** SOURCE RECORDS follows **

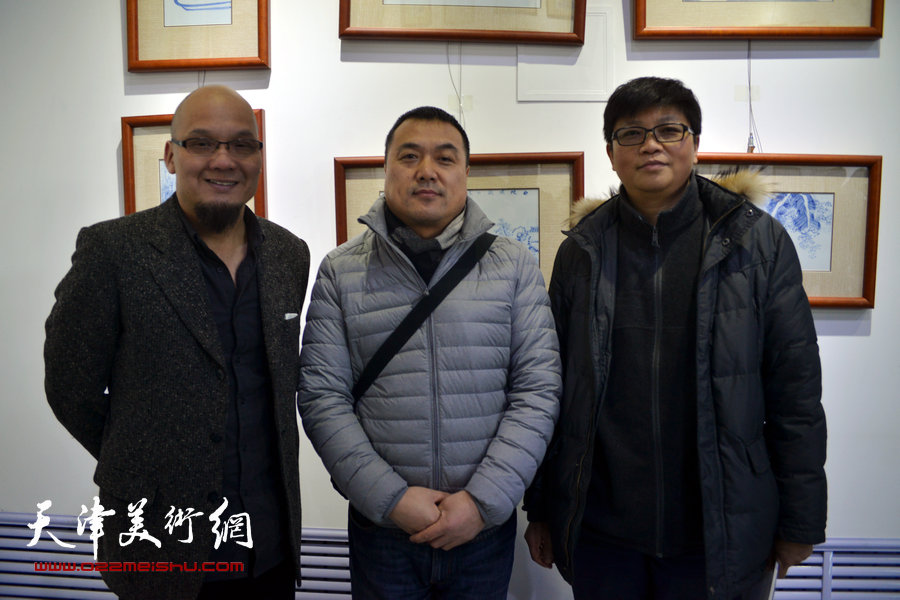 王秀琪、杨建国、杨永茂在瓷板画展现场。
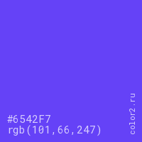 Цвет #6542F7 в цветовой модели RGB обозначается тремя октетами (101, 66, 247) в десятичном формате и #6542F7 в шестнадцатиричном (hex) формате, которые являются интенсивностью красного 101 (hex 65), интенсивность зелёного 66 (hex 42) и интенсивность синего 247 (hex F7).
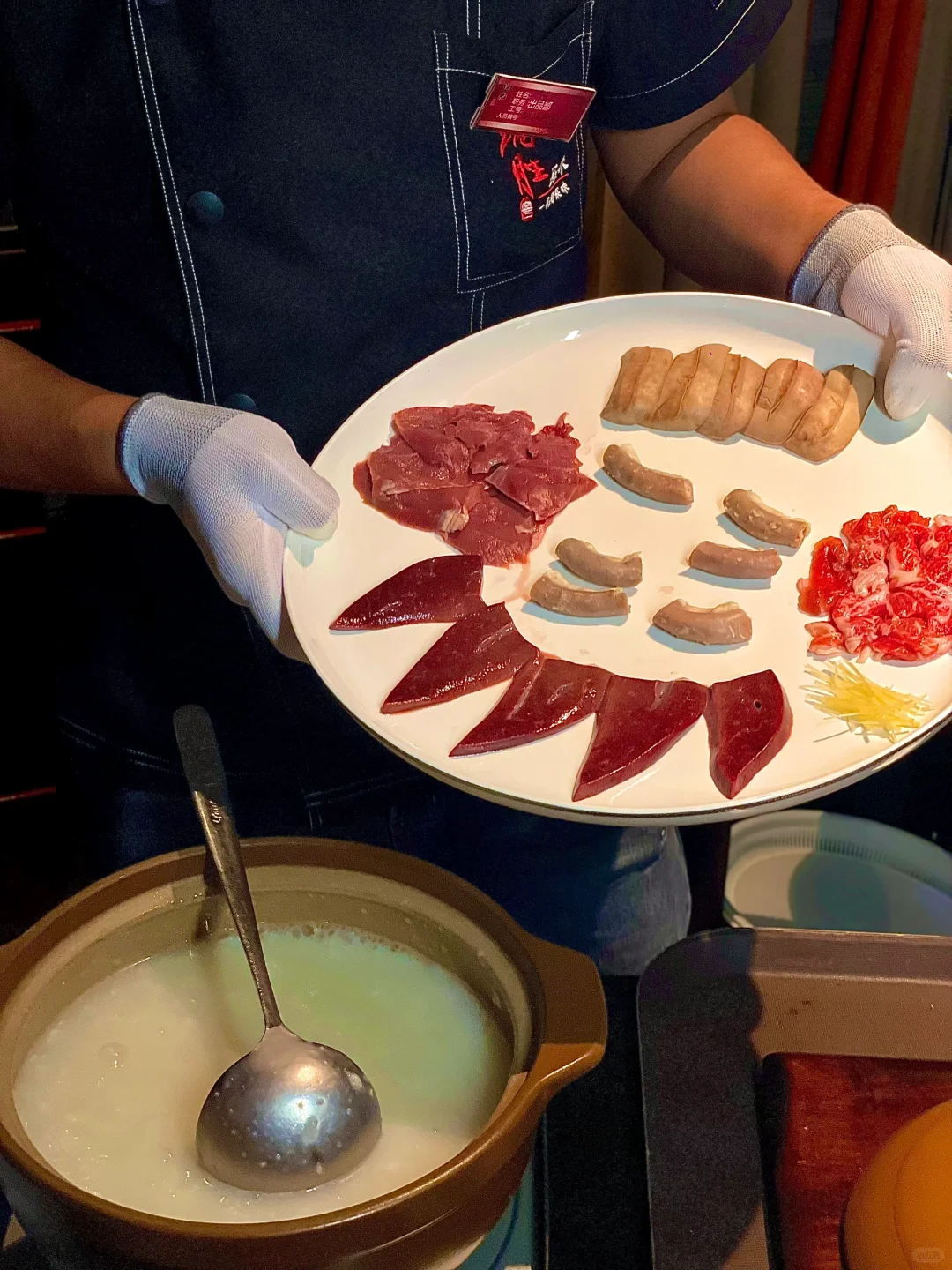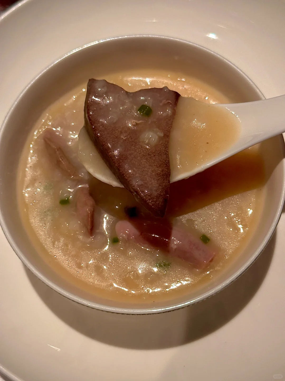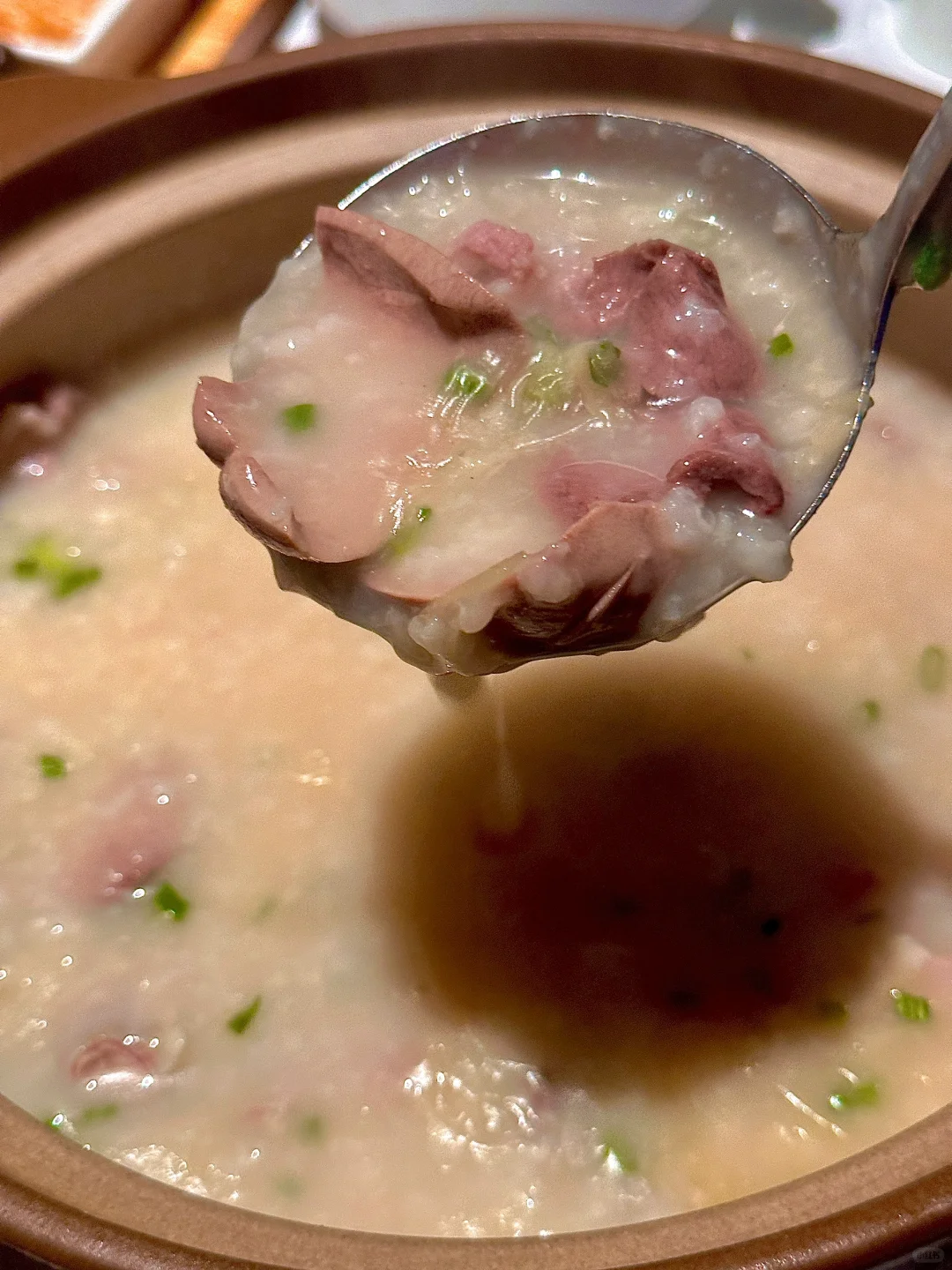 再来一碗 **顺德猪杂粥** ,这可是我的心头好。猪杂粥里的食材新鲜到让人忍不住夸赞,用山泉水和精选大米熬制的粥底,稠而不腻,米香四溢,每一口都能感受到食材的原汁原味,配上鱼生,简直就是人间美味。
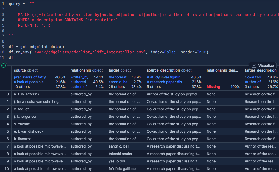return recordsAnd today, I am specifically pulling Arxiv author collaboration networks, so I want to fetch this data as an edgelist DataFrame.
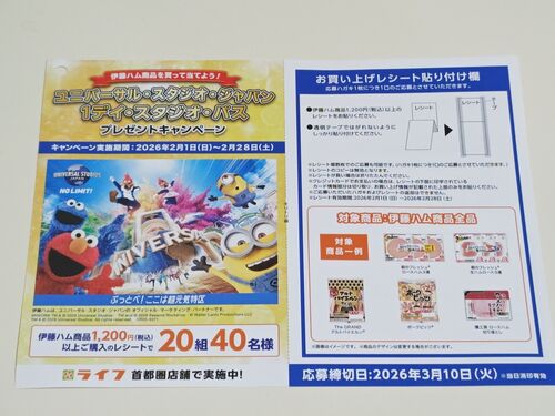 ライフ首都圏と伊藤ハムのタイアップで行われている『伊藤ハム商品を買って当てよう!ユニバーサル・スタジオ・ジャパン 1デイ・スタジオ・パス プレゼントキャンペーン』をご紹介! ライフ首都圏×伊藤ハム 伊藤ハム商品を買って当てよう!ユニバーサル・ス…
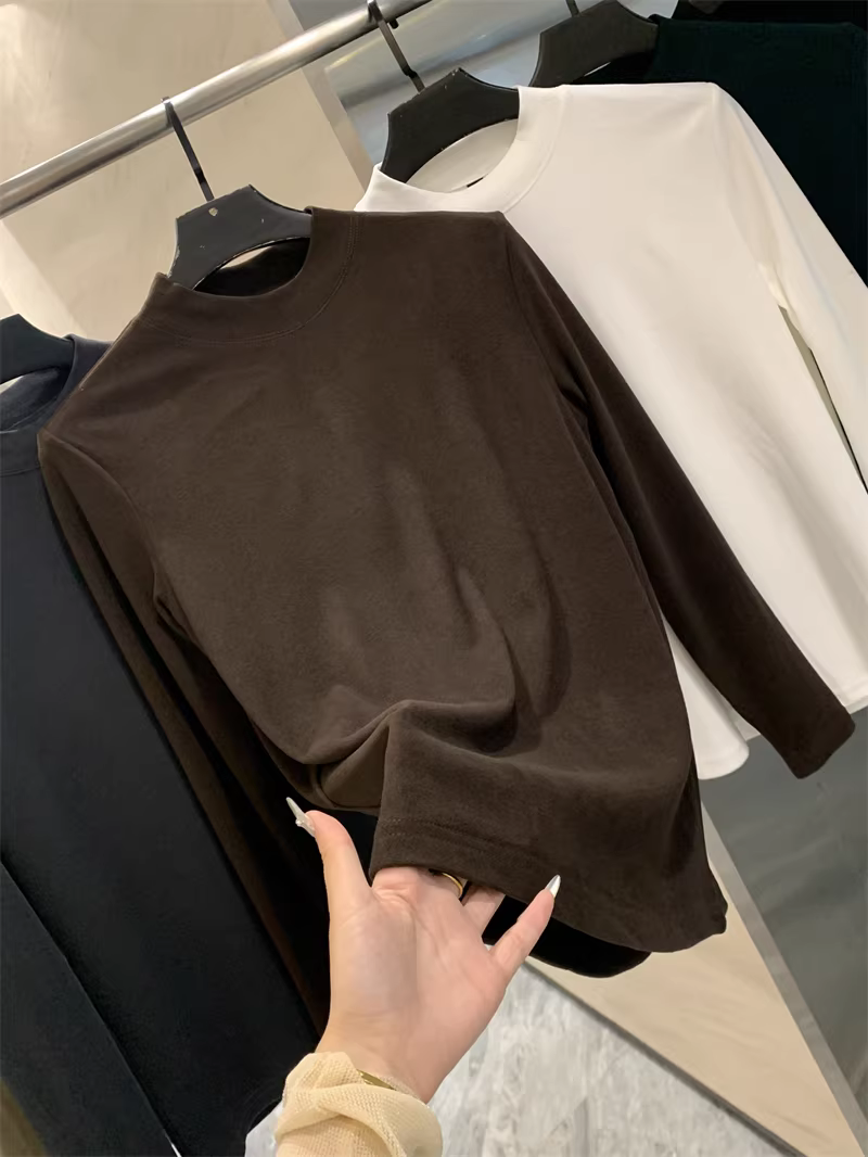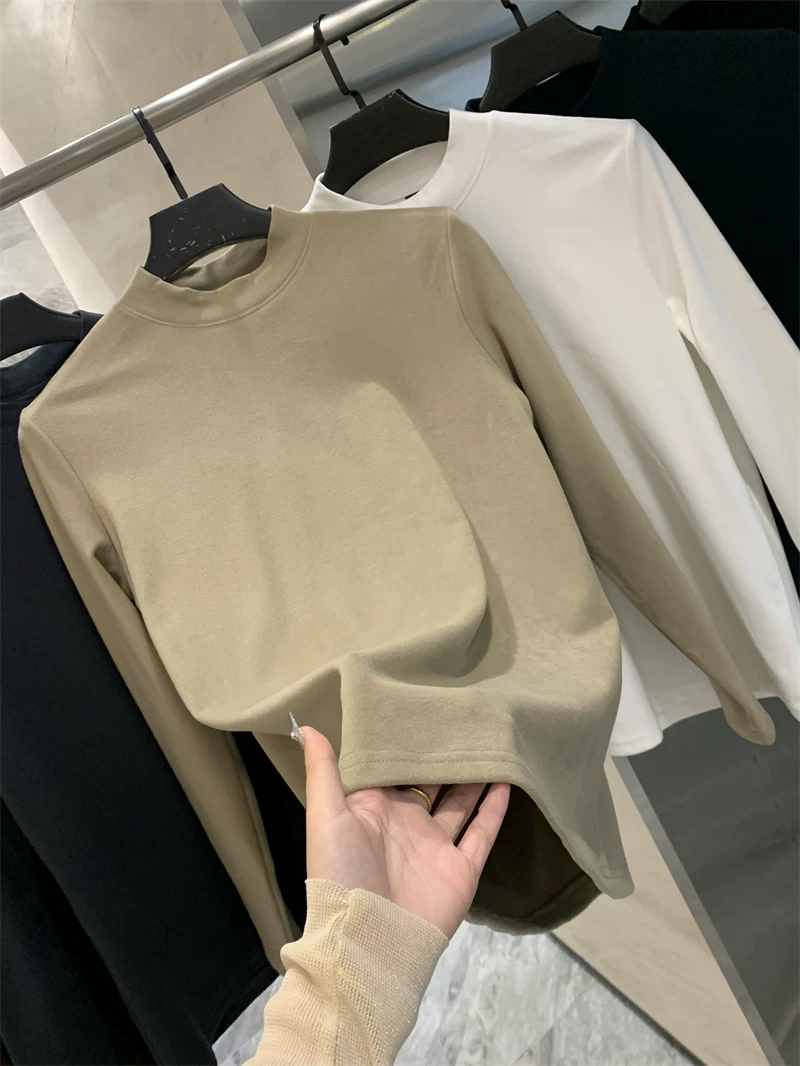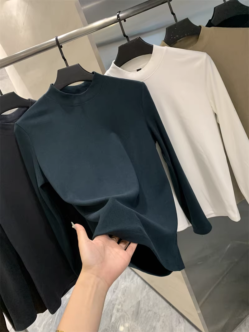 - Công nghệ kháng khuẩn Don Quixote 7A! Lông cừu hai mặt cơ bản! Áo thun lớp nền ấm áp cổ cao nửa cổ màu trơn mùa thu đông.

** End of SOURCE RECORDS **

▸ **WORK ITEM**: Make an exact copy of the listing. Leave its pictures out.

▸ **ANSWER SECTION**:
 王秀琪、杨建国、杨永茂在瓷板画展现场。
 Цвет #6542F7 в цветовой модели RGB обозначается тремя октетами (101, 66, 247) в десятичном формате и #6542F7 в шестнадцатиричном (hex) формате, которые являются интенсивностью красного 101 (hex 65), интенсивность зелёного 66 (hex 42) и интенсивность синего 247 (hex F7).
 再来一碗 **顺德猪杂粥** ,这可是我的心头好。猪杂粥里的食材新鲜到让人忍不住夸赞,用山泉水和精选大米熬制的粥底,稠而不腻,米香四溢,每一口都能感受到食材的原汁原味,配上鱼生,简直就是人间美味。
return recordsAnd today, I am specifically pulling Arxiv author collaboration networks, so I want to fetch this data as an edgelist DataFrame.
 ライフ首都圏と伊藤ハムのタイアップで行われている『伊藤ハム商品を買って当てよう!ユニバーサル・スタジオ・ジャパン 1デイ・スタジオ・パス プレゼントキャンペーン』をご紹介! ライフ首都圏×伊藤ハム 伊藤ハム商品を買って当てよう!ユニバーサル・ス…
 - Công nghệ kháng khuẩn Don Quixote 7A! Lông cừu hai mặt cơ bản! Áo thun lớp nền ấm áp cổ cao nửa cổ màu trơn mùa thu đông.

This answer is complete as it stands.